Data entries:
------------------------------------------------------------------------

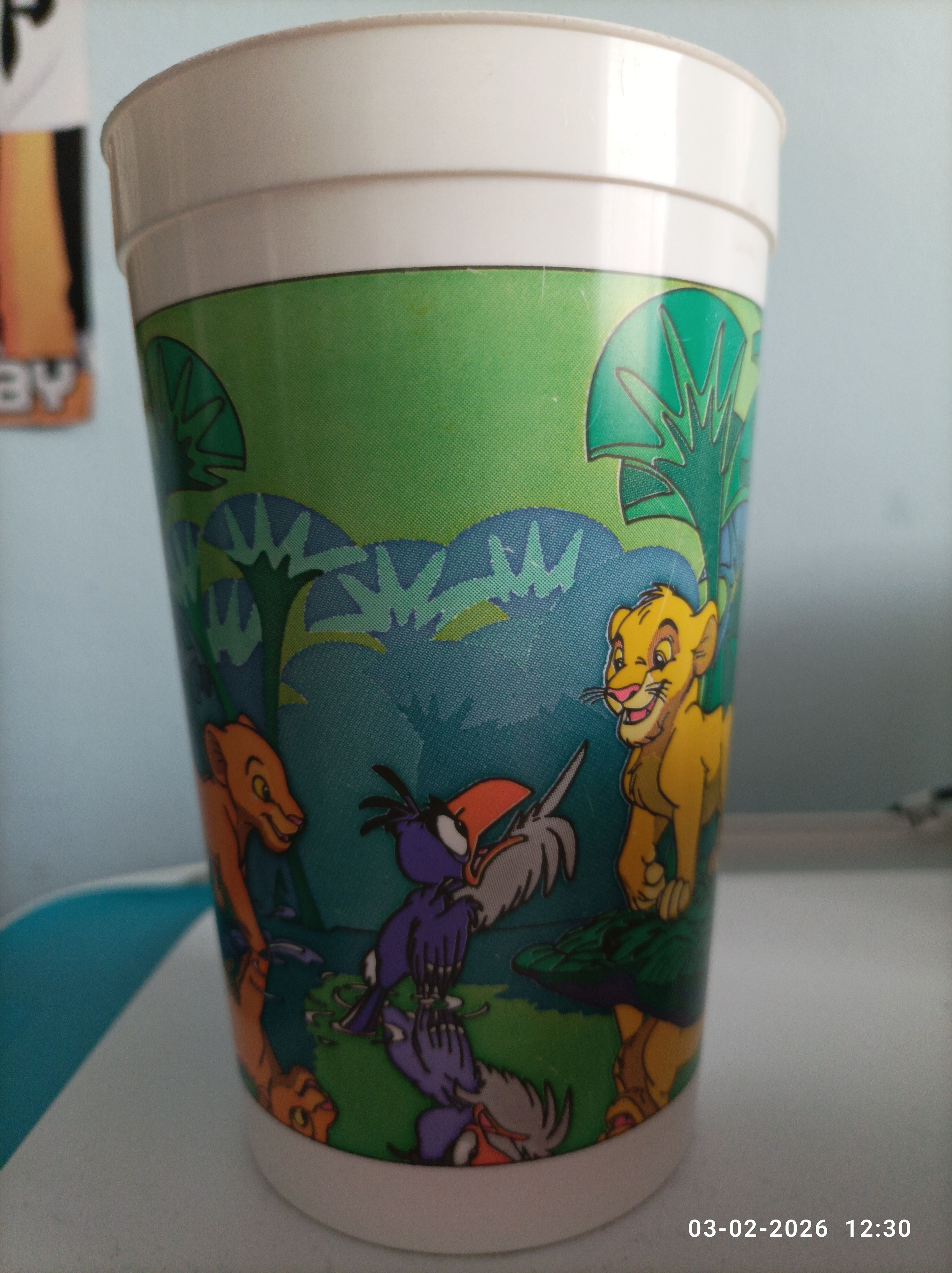 Teljesen véletlen találtam rá Vaterán erre az Burger King - Coca-Cola Oroszlánkirályos pohárra. Nem is haboztam rá licitálni, ma megérkezett. Örülök neki, mert ez 1995-ből származik, és főleg a '90-es évekből gyűjtök Disney-s cuccokat. Ez a pohár nekem főleg azért különleges, mert a Burger King elég későn, csak 2016-ban jutott el Békéscsabára. Pesten voltam már korábban is, de gyerekkoromban egyáltalán nem, így ez nekem kuriózum. A kép is nagyon menő, konkrétan A trón úgy csábít dalának "De nem vagy se nagy, se király, míg hajad nem sörény" sorát vizualizálja. Nagyon jó állapotú, teljesen rendben van, egyedül az alját kell megtisztítani, és akkor inni is lehet belőle. Mosogatószerrel nem sikerült, valószínűleg hipó kell hozzá. Örülök neki, ilyeneket is szívesen gyűjtök. Állítólag sorozat van ezekből a poharakból, ha találok meg, megveszem.
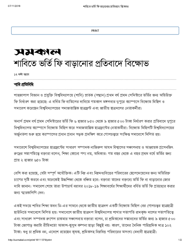 শাবিতে ভর্তি ফি বাড়ানোর প্রতিবাদে বিক্ষোভ Published on Newspaper দৈনিক সমকাল Category Science Education Download
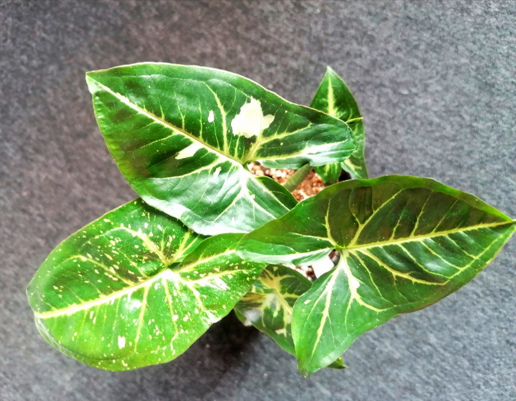 Tämä muulinkorvien kerääjän unelmakasvi (Syngonium podophyllum Panda) on ollut minulla vasta parisen kuukautta ja se on tehnyt useamman uuden lehden ja kasvanut nopeasti. Luonnossa muulinkorvia kasvaa Keski- ja Etelä-Amerikassa.
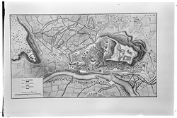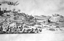 "Dibuix antic de la ciutat de Lleida, amb el pont en primer terme i la Seu Vella al fons, de l’any 1810, original de Suchet"
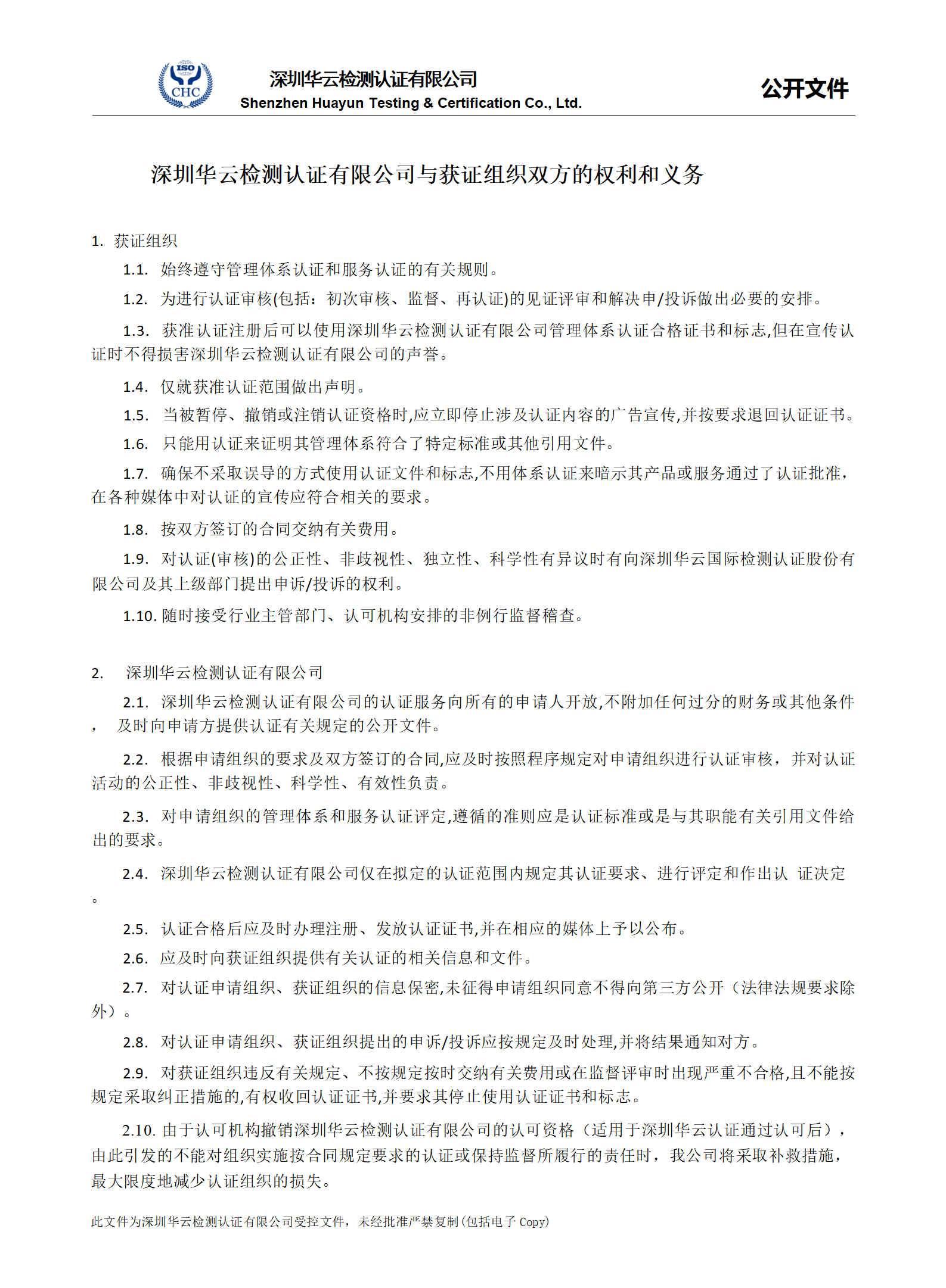 公开文件:公司与获证组织双方的权利和义务
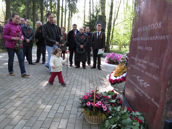 На этот раз в мероприятии принял участие потомок Филиппова по линии матери Алексей Парменов, который, как и отец Андрея Владимировича, избрал профессию архитектора. О том, что его родственник – первый прокурор Москвы - покоится в Коммунарке и что силами работников столичной прокуратуры ему поставлен памятник, Алексей узнал из сайта прокуратуры. Почтить память расстрелянного прокурора он привел свою семью.

------------------------------------------------------------------------

» YOUR GOAL: Return, exactly as they appear, the lines from the line containing "শাবিতে ভর্তি ফি" through the end of the records above, both ends included, without pictures.

» RESPONSE BELOW:
 শাবিতে ভর্তি ফি বাড়ানোর প্রতিবাদে বিক্ষোভ Published on Newspaper দৈনিক সমকাল Category Science Education Download
 Tämä muulinkorvien kerääjän unelmakasvi (Syngonium podophyllum Panda) on ollut minulla vasta parisen kuukautta ja se on tehnyt useamman uuden lehden ja kasvanut nopeasti. Luonnossa muulinkorvia kasvaa Keski- ja Etelä-Amerikassa.
 "Dibuix antic de la ciutat de Lleida, amb el pont en primer terme i la Seu Vella al fons, de l’any 1810, original de Suchet"
 公开文件:公司与获证组织双方的权利和义务
 На этот раз в мероприятии принял участие потомок Филиппова по линии матери Алексей Парменов, который, как и отец Андрея Владимировича, избрал профессию архитектора. О том, что его родственник – первый прокурор Москвы - покоится в Коммунарке и что силами работников столичной прокуратуры ему поставлен памятник, Алексей узнал из сайта прокуратуры. Почтить память расстрелянного прокурора он привел свою семью.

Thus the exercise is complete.